Task requirements: Reproduce the whole listing word for word. Leave every image out.

Data shown:
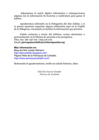 El Papa Benedicto XVI ha concedido un año jubilar a la capilla de la Milagrosa en Carballo, celebrado desde el 4 de septiembre de 2011 hasta el 2 de septiembre de 2012, con el objetivo de fomentar el regreso a la vida cristiana y a los sacramentos. Las celebraciones incluyen misas diarias y eventos especiales, como la coronación de la imagen de la milagrosa y la inauguración de un hogar para madres. Se anima a los catequistas a colaborar en la organización de actividades y celebraciones en torno a este jubileo.
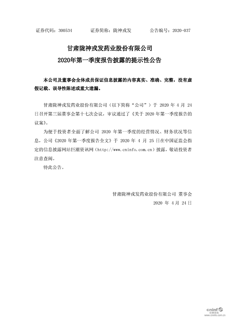 2020年第一季度報(bào)告披露的提示性公告
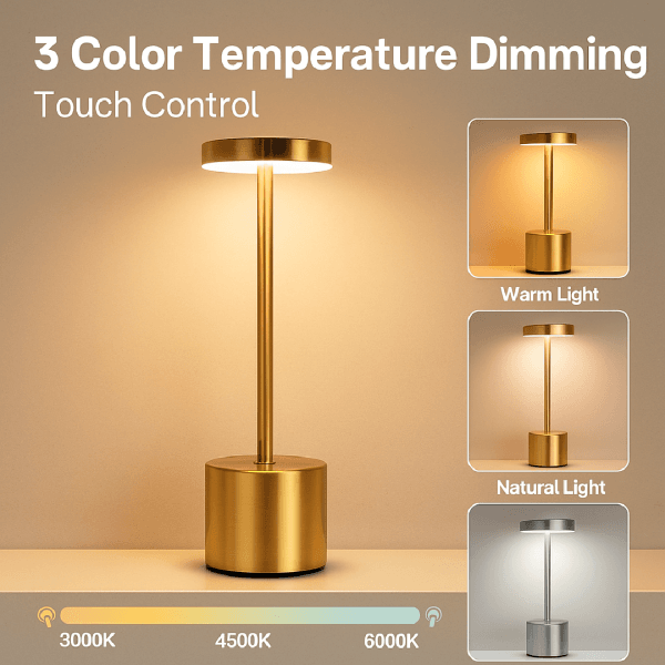 Elevate your space with the Dimmable Rechargeable Table Lamp, designed to bring both modern elegance and versatile lighting to your home. This lamp offers three adjustable color temperatures—warm, natural, and cool—allowing you to create the perfect atmosphere for any activity, from cozy evenings to focused work sessions. Its intuitive touch control makes adjusting brightness a breeze, while the sleek, minimalist design complements a wide range of interior styles. USB rechargeability ensures convenience and portability, making it a sophisticated yet practical choice for bedrooms, offices, or living rooms.

Response to the task:
 El Papa Benedicto XVI ha concedido un año jubilar a la capilla de la Milagrosa en Carballo, celebrado desde el 4 de septiembre de 2011 hasta el 2 de septiembre de 2012, con el objetivo de fomentar el regreso a la vida cristiana y a los sacramentos. Las celebraciones incluyen misas diarias y eventos especiales, como la coronación de la imagen de la milagrosa y la inauguración de un hogar para madres. Se anima a los catequistas a colaborar en la organización de actividades y celebraciones en torno a este jubileo.
 2020年第一季度報(bào)告披露的提示性公告
 Elevate your space with the Dimmable Rechargeable Table Lamp, designed to bring both modern elegance and versatile lighting to your home. This lamp offers three adjustable color temperatures—warm, natural, and cool—allowing you to create the perfect atmosphere for any activity, from cozy evenings to focused work sessions. Its intuitive touch control makes adjusting brightness a breeze, while the sleek, minimalist design complements a wide range of interior styles. USB rechargeability ensures convenience and portability, making it a sophisticated yet practical choice for bedrooms, offices, or living rooms.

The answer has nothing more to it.